No, it's not changed. The dtype parameter is still used and it is still
called the same thing. It's just that what constitutes a data-type has
changed significantly.
For example now tuples and dictionaries can be used to describe a
data-type. These definitions are recursive so that whenever data-type
is used it means anything that can be interpreted as a data-type. And I
really mean data-descriptor, but data-type is in such common usage that
I still use it.
Tuple:
========
(fixed-size-data-type, shape)
(generic-size-data-type, itemsize)
(base-type-data-type, new-type-data-type)
Examples:
dtype=(int32, (5,5)) --- a 5x5 array of int32 is the description of
this item.
dtype=(str, 10) --- a length-10 string
dtype=(int16, {'real':(int8,0),'imag':(int8,4)} --- a descriptor that acts
like an int16 array mathematically
(in ufuncs) but has real and imag
fields.
Dictionary (defaults to a dtypechar == 'V')
==========
format1:
{"names": list-of-field-names,
"formats": list of data-types,
<optionally>
"offsets" : list of start-of-the-field
"titles" : extra field names
}
format2 (and how it's stored internally)
{key1 : (data-type1, offset1 [, title1]),
key2 : (data-type2, offset2 [, title2]),
...
keyn : (data-typen, offsetn [, titlen])
}
Other objects not already covered:
=====================
????
Right now, it just passes the tp_dict of the typeobject to the
dictionary-conversion routine.
I'm open for ideas here and will probably have better ideas once the
actual record data-type (not data-descriptor but actual subclass of the
scipy.void data type) looks like.
All of these can be used as the dtype parameter wherever it is taken (of
course you can't
always do something useful with every data-descriptor).
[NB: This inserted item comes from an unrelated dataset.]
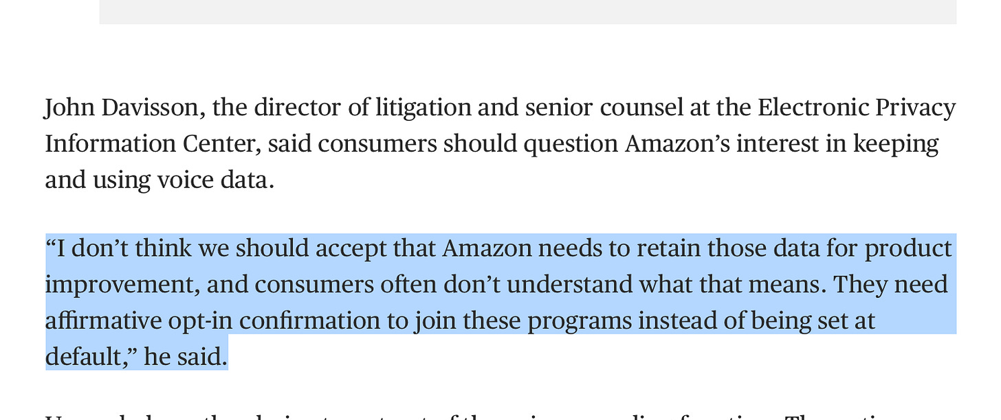 Amazon wants to use voice command data to train their Alexa AI. I won’t try to say it better than my colleague John: (NBC News)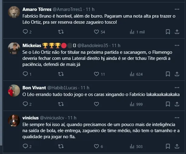 Flamenguistas criticam Fabrício Bruno

When an ndarray has an associated type descriptor with fields (that's
where the field information is
stored), then those fields can be accessed using string or unicode keys
to the getitem call.
Thus, you can do something like this:
>>> a = ones((4,3), dtype=(int16, {'real':(int8, 0), 'imag':(int8, 1)}))
>>> a['imag'] = 2
>>> a['real'] = 1
>>> a.tostring()
'\x01\x02\x01\x02\x01\x02\x01\x02\x01\x02\x01\x02\x01\x02\x01\x02\x01\x02\x01\x02\x01\x02\x01\x02'
Note that there are now three distinct but interacting Python objects:
1) the N-dimensional array of a fixed itemsize.
2) a Python object representing one element of the array.
3) the data-descriptor object describing the data-type of the array.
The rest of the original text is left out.